Indeed, the appointment of José Manuel Albares as Spanish Foreign Minister, replacing Arancha González Laya (who became embroiled in the controversy over Brahim Ghali's presence in Spain), was aimed at improving relations with Morocco due to the Spanish diplomat's political profile. 

This meeting between José Manuel Albares and Antony Blinken came on the heels of the tour by Staffan de Mistura, UN Special Envoy for Western Sahara, of Morocco and the Sahrawi refugee camps in Tindouf in Algeria to see the state of the situation on the ground. The Sahrawi refugees are facing extremely difficult living conditions in the camps, exacerbated by the current pandemic situation of COVID-19.

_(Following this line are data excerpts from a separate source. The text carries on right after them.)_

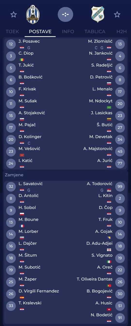 Rijeka (3-4-2-1): Zlomislić – Majstorović, Radeljić, Devetak – Lasickas, Petrovič, Ndockyt, Menalo – Butić, Janković – Jurić. Trener: Victor Sanchez.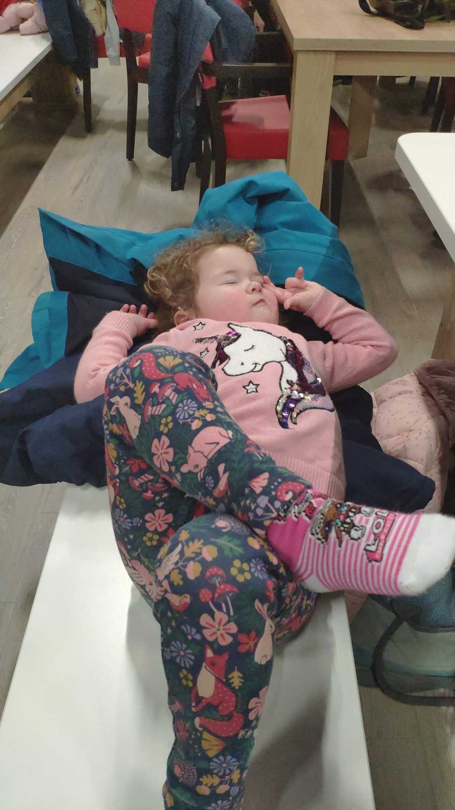 13 februari: Toen ik nog op school was en Yfke thuis aan het spelen was is ze op de bank in slaap gevallen met haar Elsa jurk aan. Maar toen ze weer wakker was is ze mij 's-middags op school op komen halen, ze heeft toen nog even op het schoolplein gespeeld. Vervolgens zijn we naar mijn zwemles gegaan, en aansluitend naar opa en oma. Die waren vandaag precies 50 jaar getrouwd. Al met al een vermoeiende dag, dus in de auto terug naar huis alvast tijd voor een tukje........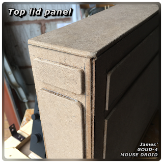 There are two additional small pieces that fit on the lower side panel, these I’ll add later. Last piece was to cut the top ‘lid’ panel. I’ve rounded the edges.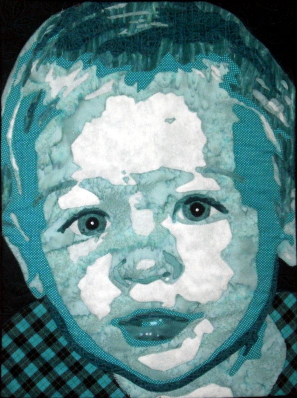 quilter1955 Just Off The Coast - Watched the Classroom lessons for Portrait Quilts by Lea McComas and loved it! I knew I had to challenge myself to make this quilt...I purchased the perfect fabric that came in a set of fat quarters with 8 different values sold by the Pincushion Boutique called Just Off The Coast...My first person to do a portrait quilt is my beautiful great nephew. I borrowed the name Just Off the Coast ,because he lives on the Coast..First time ever I finished a quilt in a week,including the label.. I have two more in my mind that I want to do...Just like a quilter, alway a million projects we want to do,but never the time.:)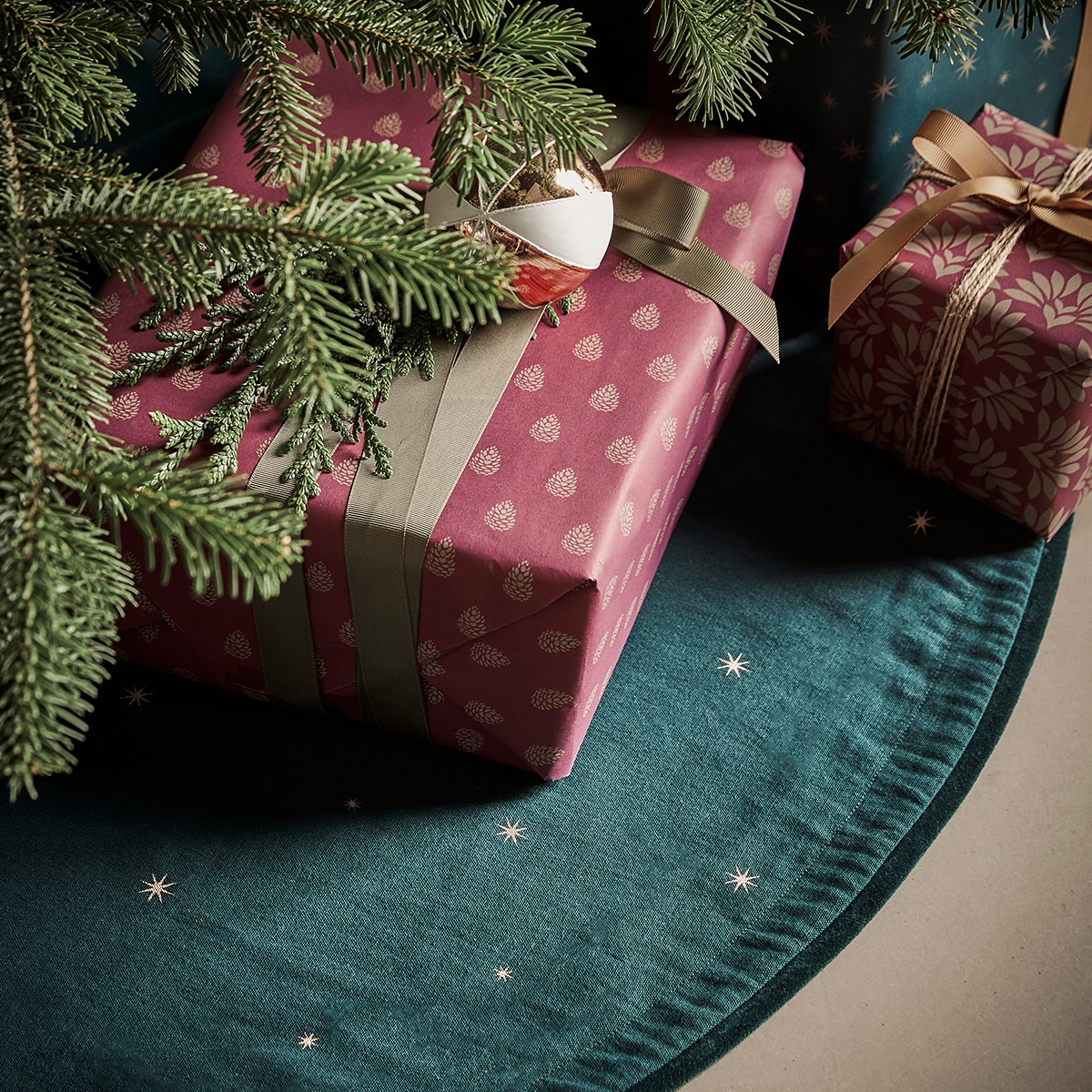 Den flotte mørke farve med de fine stjerner sørger for at dit juletræ rigtig kommer til sin ret med de smukke grønne farver, så juletræ og gaver bliver hjemmets midtpunkt i den søde juletid.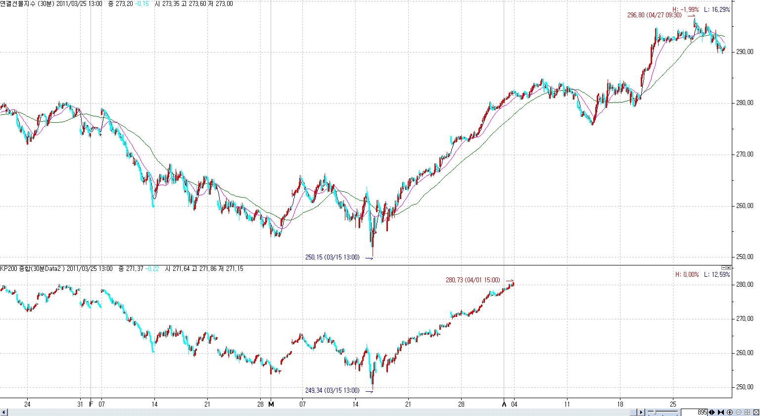 안녕하세요? 예스스탁입니다. 참조종목을 삭제한 이후에 다시 적용해 보시면 정상적으로 나올것으로 판단됩니다. 감사합니다. > 닭고기 님이 쓴 글입니다. > 제목 : data2에서 K200 분봉이 표시되지 않아요! > 저만 그런건가요?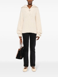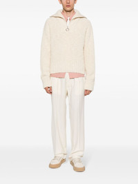 brushed half-zip jumper Alexandre Mattiussi goes back to his foundational roots with this ivory AMI Paris jumper – it’s inspired by the pieces he dreamed of making when he began designing 12 years ago. It’s brushed after being ribbed knit for a tactile finish and topped with an exaggerated point collar. Highlights - Ivory white - Merino wool blend - Ribbed knit - Brushed finish - Oversized pointed collar - Half front zip fastening - Drop shoulder - Long sleeves - Straight hem - When buying this unisex item, keep in mind that it is graded in standard men's sizing. Made in Italy Composition Wool 96%, Polyamide 4%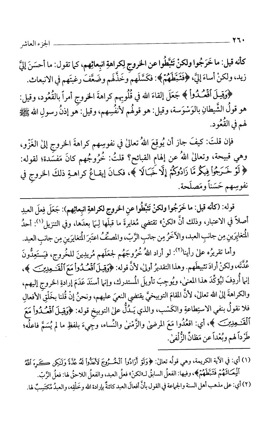 وأما تقريره على رأينا: لو أراد الله خروجهم لعلهم مريدين للخروج، فيستعدون عدته، ولكن أراد تثبيطهم. وهذا التقدير أولى، لأنه قوله: (وَقِيلَ اقْعُدُوا مَعَ الْقَاعِدِينَ)، إنما أُردف ليؤكد هذا المعنى، ويُوجب تأويل المستدرك، وإنما أسند عدم إرادة الخروج إليهم، الكراهة إلى الله تعالى، لأن المقام التوبيخي يقتضي النعي عليهم، ونحن إن قلنا بخلق الأفعال فلا نقول بنفي الاستطاعة الكسب، والذي يدل على التوبيخ قوله: (وَقِيلَ اقْعُدُوا مَعَ الْقَاعِدِينَ)، أي: اقعدوا مع المرضى والزمنى والنساء، وجيء بلفظ ما لم يسم فاعله؛ طرداً لهم وبُعداً عن مظان الزلفى.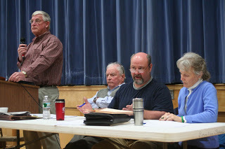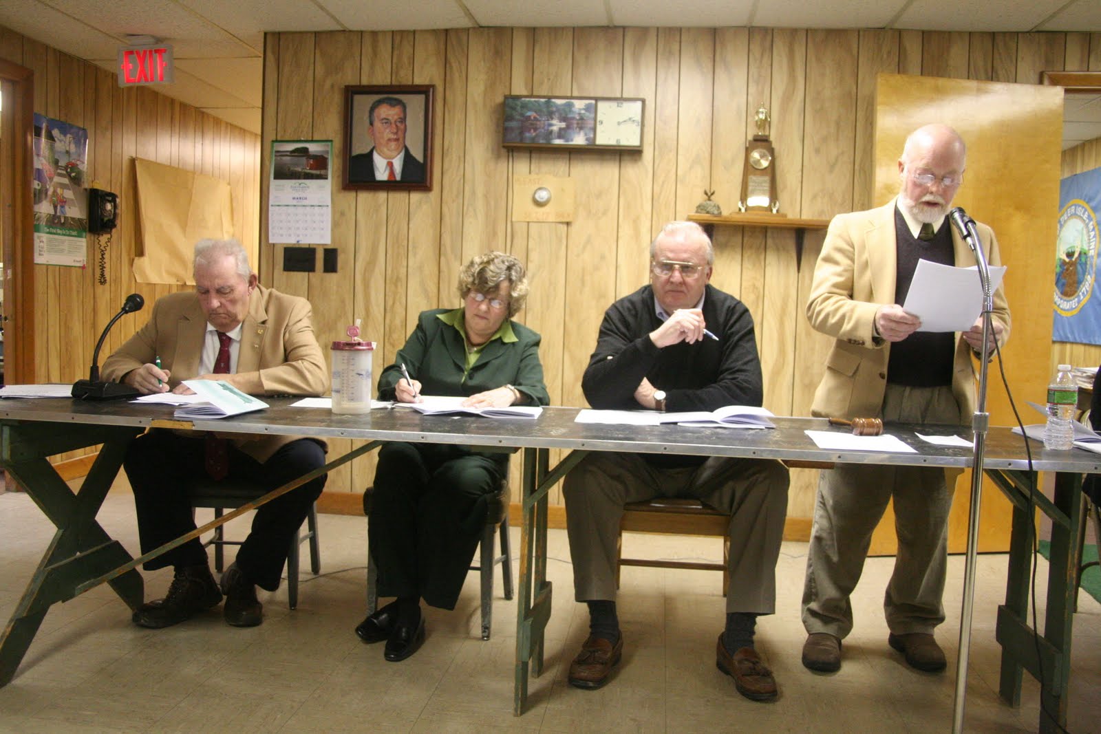 The Deer Isle selectmen (seated) and the town meeting moderator. The selectmen look grim here but they're really very nice.

Vista general del salón del trono durante las palabras de Su Majestad el Rey
PHOTO/His Majesty the King's Household - General view of the throne room during His Majesty the King's address

The US State Department expressed its full support for Staffan de Mistura's work and took advantage of this announcement to re-align itself with Morocco's thesis. José Manuel Albares himself also indicated that this Friday he will meet in Madrid with the UN envoy for Western Sahara to address the issue, while Morocco continues to wait for the Spanish government to recognise Western Sahara as Moroccan as a gesture to establish a strong diplomatic link. 

José Manuel Albares and Antony Blinken also discussed other relevant issues, such as the upcoming NATO summit to be held on 29 and 30 June in Madrid, the conflict in Ukraine with Russia's belligerent stance on the border, and bilateral cooperation between Spain and the United States on other matters. 

Minister Albares' agenda also included a meeting with Nancy Pelosi, Speaker of the US House of Representatives, with Joaquín Castro, President of the US Spain Council, with Luis Almagro, Secretary General of the Organisation of American States (OAS), and with Mauricio Claver-Carone, President of the Inter-American Development Bank.